Weyn B, Tjalma W A A, Vermeylen P, van Daele A, Van Marck E, Jacob W
Center for Electron Microscopy, University Hospital Antwerp (UIA), Antwerp, Belgium.
Clin Oncol (R Coll Radiol). 2004 Jun;16(4):307-16. doi: 10.1016/j.clon.2004.01.013.
Intratumoural micro-vessel density (IMD) has recently been shown to be a valuable prognostic tool in many tumours. Yet, IMD does not take into account the spatial arrangement of the vessels, therefore only partly reflecting the angiogenic situation. In order to describe contextual vascular relationships more accurately, we have used fractal and syntactic structure analysis (SSA) based on computerised image processing to quantify micro-vascular hot spots.
The parametric performance in prediction of patients' outcome was evaluated by univariate analysis and compared with manually obtained IMDs, whereas an automated K-nearest-neighbour (KNN) classifier searched most discriminative parametric combinations. The method is based on analysis of vascular 'hot-spots' of paraffin-embedded tissue sections of invasive cervical carcinoma, colorectal carcinoma and malignant mesothelioma.
For all three cancers, prediction of prognosis based on SSA yielded in general much higher recognition scores compared with IMD or fractal dimension. Survival of cervical carcinoma was mostly correlated with clinical data, with the vascular permeation being the only parameter with independent value. Prognosis of colorectal carcinoma is best described by SSA, completed with IMD, indicating an inverse correlation of survival time with a more irregular pattern and a slight increase in vessel number. For mesothelioma, we found a strong correlation with SSA and patients' outcome, with two SSA-parameters having independent prognostic value.

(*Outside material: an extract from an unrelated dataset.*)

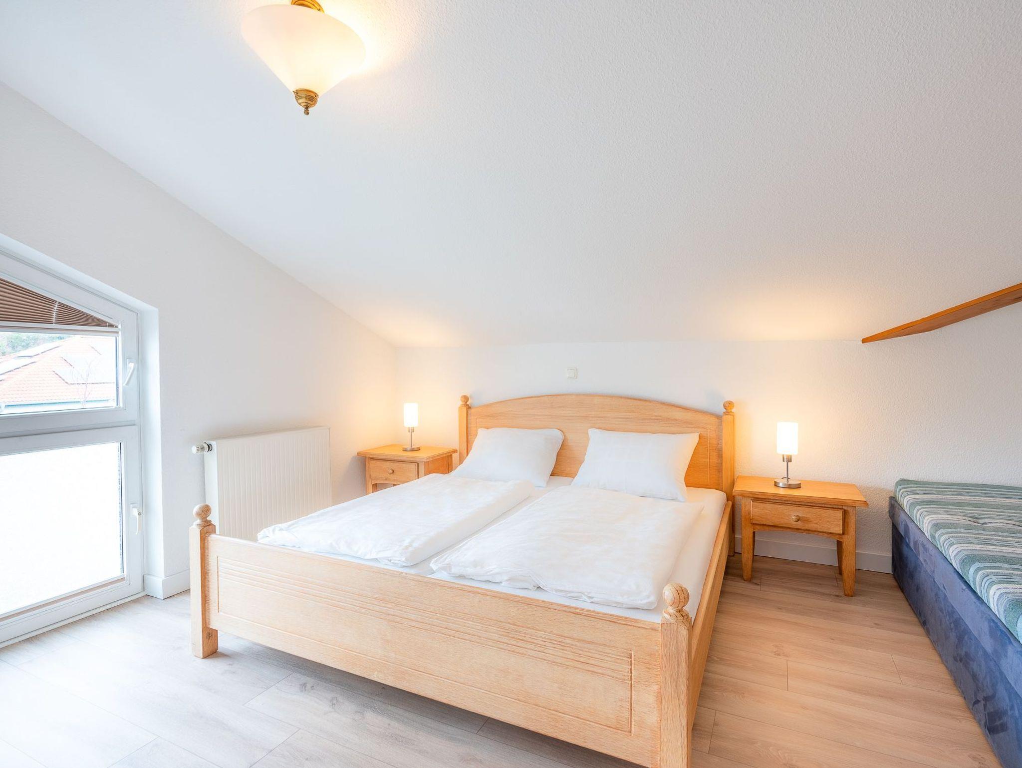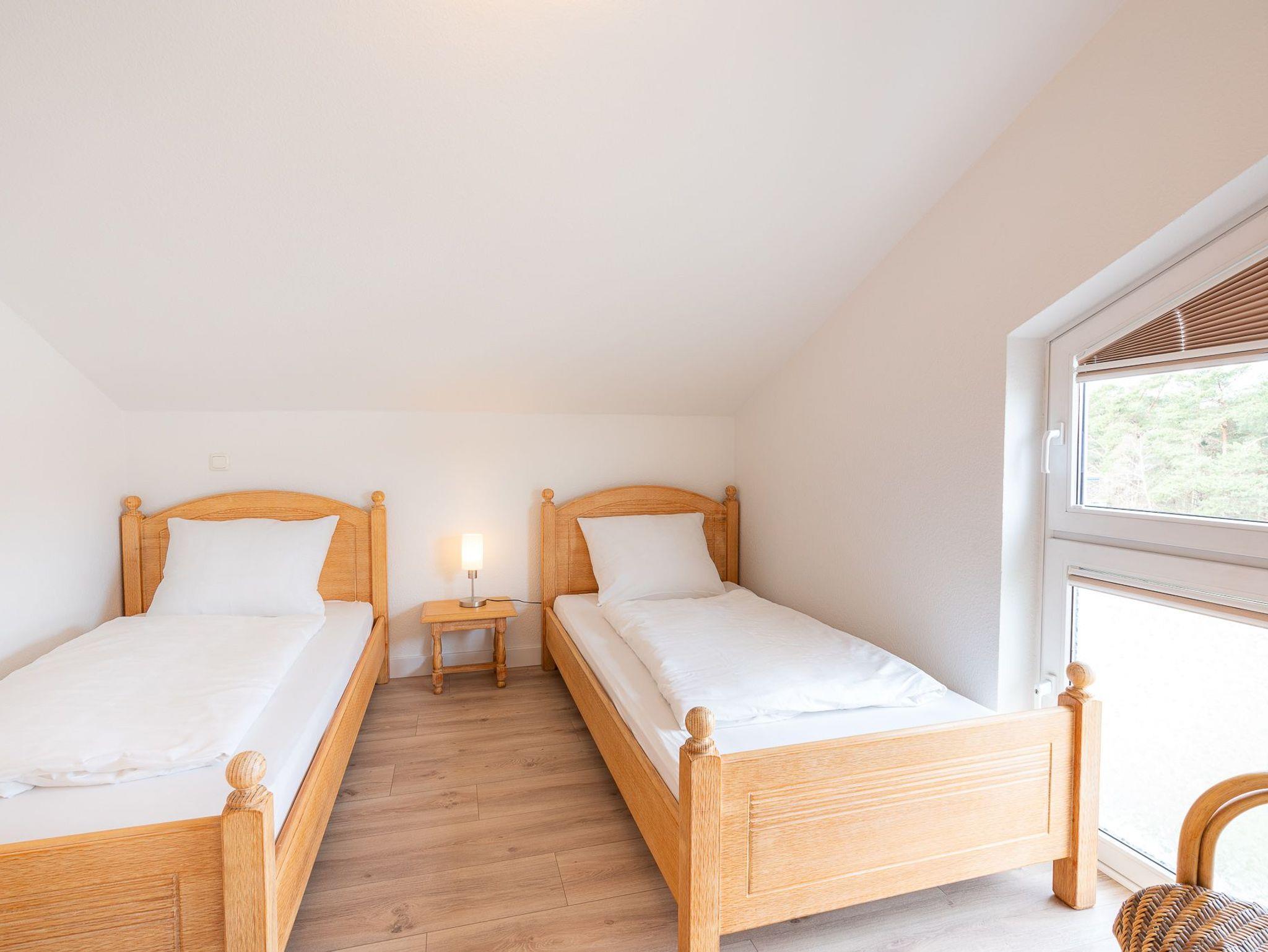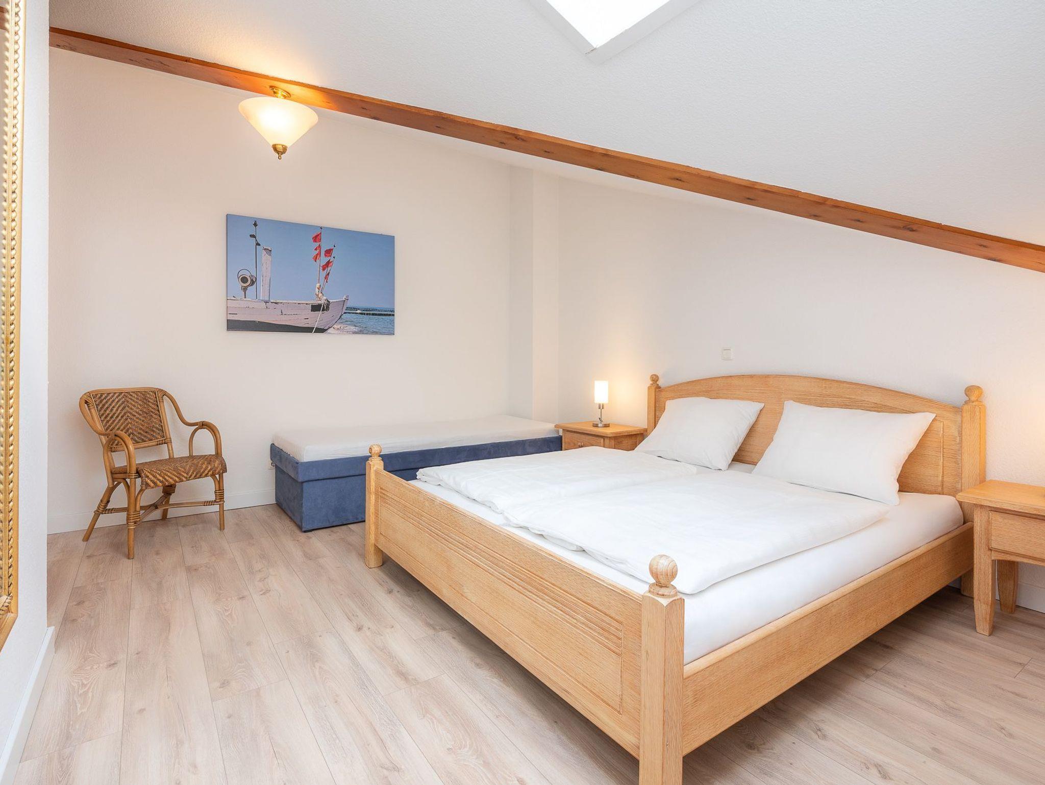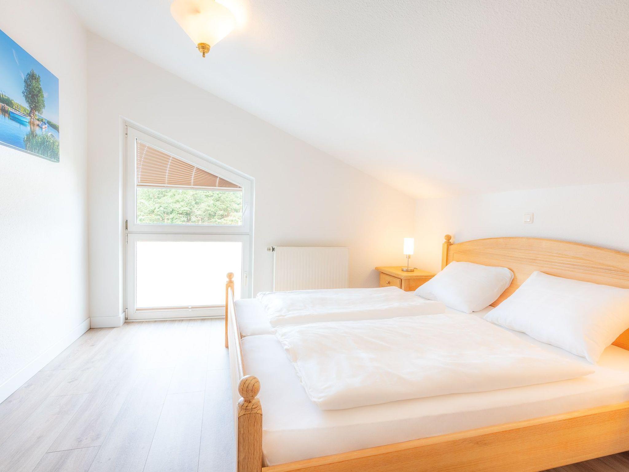 In dem Wohnraum mit Sitzecke und Fernseher können SIe gemütlich zusammensitzen und die Zeit in der Ferienwohnungenießen. Die komplett eigerichtete Küche ermöglicht Ihnen eine bequeme Selbstversorgung während Ihres Urlaubs. Das Bad auf der unteren Etage besitzt eine Dusche und ein WC. In der oberen Etage befinden sich die drei Schlafzimmer, zwei sind mit jeweils einem Doppelbett versehen und eins mit zwei Einzelbetten. Hier befindet sich auch ein zweites Bad. Auf dem möblierten Balkon können Sie Ihren Tag gemütlich ein und ausklingen lassen. WLAN ist vorhanden. Waschmaschine und Trockner können Sie gegen Entgelt verwenden. Ein Parkplatz vor dem Haus wird Ihnen natürlich zur Verfügung gestellt. Zum feinsandigen, weißen Badestrand sind es nur ca. 3-4 Gehminuten.

The more accurate angiogenic description obtained with SSA may be useful for further exploitation as a prognosticator in a general diagnostic pathology service.
肿瘤内微血管密度(IMD)最近已被证明是许多肿瘤中一种有价值的预后工具。然而,IMD没有考虑血管的空间排列,因此仅部分反映血管生成情况。为了更准确地描述背景血管关系,我们基于计算机图像处理使用分形和句法结构分析(SSA)来量化微血管热点。
通过单变量分析评估预测患者预后的参数性能,并与手动获得的IMD进行比较,而自动K近邻(KNN)分类器搜索最具判别力的参数组合。该方法基于对浸润性宫颈癌、结直肠癌和恶性间皮瘤石蜡包埋组织切片的血管“热点”分析。
对于所有三种癌症,与IMD或分形维数相比,基于SSA的预后预测总体上产生的识别分数要高得多。宫颈癌的生存率大多与临床数据相关,血管浸润是唯一具有独立价值的参数。结直肠癌的预后最好用SSA描述,并辅以IMD,表明生存时间与更不规则的模式和血管数量略有增加呈负相关。对于间皮瘤,我们发现SSA与患者预后有很强的相关性,两个SSA参数具有独立的预后价值。
通过SSA获得的更准确的血管生成描述可能有助于在一般诊断病理服务中作为一种预后指标进一步应用。